The protocol is normative across 22 parts of IEC 62541. The most relevant for engineers: Part 1 (overview), Part 3 (address-space model), Part 4 (services), Part 5 (information model), Part 6 (mappings — TCP/HTTPS), Part 8 (DA), Part 11 (HA), Part 12 (discovery and GDS), Part 14 (PubSub), Part 18 (role-based security), Part 21 (PubSub over MQTT — added in the 1.05 series), and Part 22 (Pub/Sub for Field eXchange — UA FX) finalised in 2024.

The OPC UA information model (nodes, references, types)

The address space is a directed graph, not a tree. Every entity is a Node, every Node has a NodeId, and every relationship between nodes is a Reference of a defined ReferenceType. There are eight NodeClasses defined in Part 3: Object, Variable, Method, ObjectType, VariableType, ReferenceType, DataType, View.

A typical pump asset in an OPC UA address space looks like this:

  • Pump_017 (Object, type PumpType)
  • HasComponent -> FlowRate (Variable, type Double, EU m3/h)
  • HasComponent -> Status (Variable, type PumpStatusEnum)
  • HasComponent -> Start (Method)
  • HasComponent -> Stop (Method)
  • GeneratesEvent -> PumpFaultEventType
  • HasHistoricalConfiguration -> historical access node for FlowRate

The combination of typed nodes plus standard references means a client can browse a server it has never seen before and discover not just what tags exist but what they mean. That is the semantic layer that allows a digital twin platform to ingest data from a Siemens, Rockwell, Beckhoff, and B&R controller without a per-vendor mapping table — provided each vendor implements the relevant companion spec.

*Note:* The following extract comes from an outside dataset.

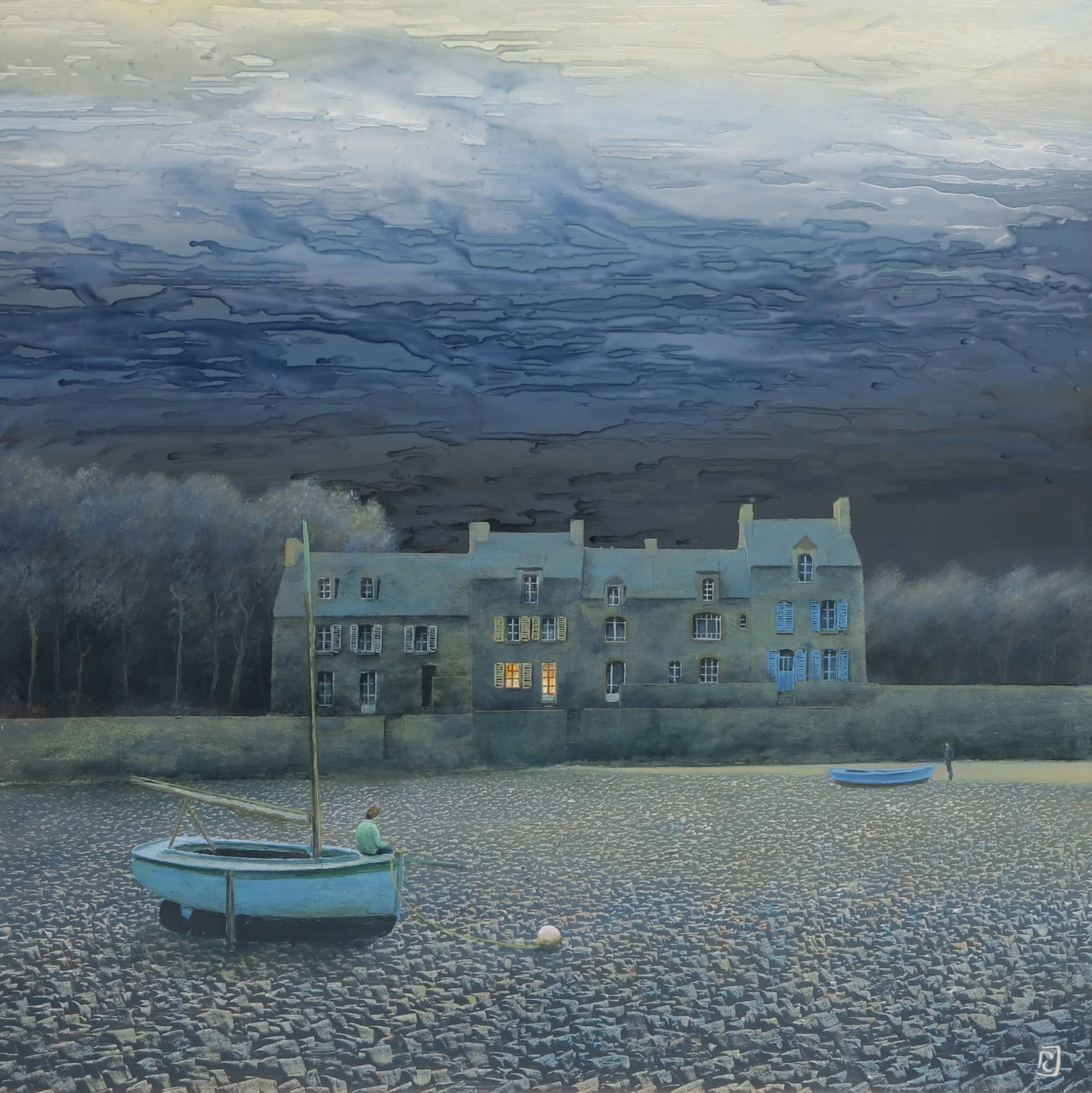 Unknown (Coastal House with Boats). Artist: Philippe Charles Jacquet (French, b. 1954). Date: contemporary. Medium: oil on panel.

Each variable carries a DataValue containing the value, a StatusCode, a source timestamp, and a server timestamp. Subscriptions deliver MonitoredItem notifications using either DataChangeFilter or EventFilter, with configurable sampling intervals, queue sizes, and deadband logic. This is materially richer than a Modbus poll or an MQTT topic, and it is what justifies the heavier on-the-wire footprint.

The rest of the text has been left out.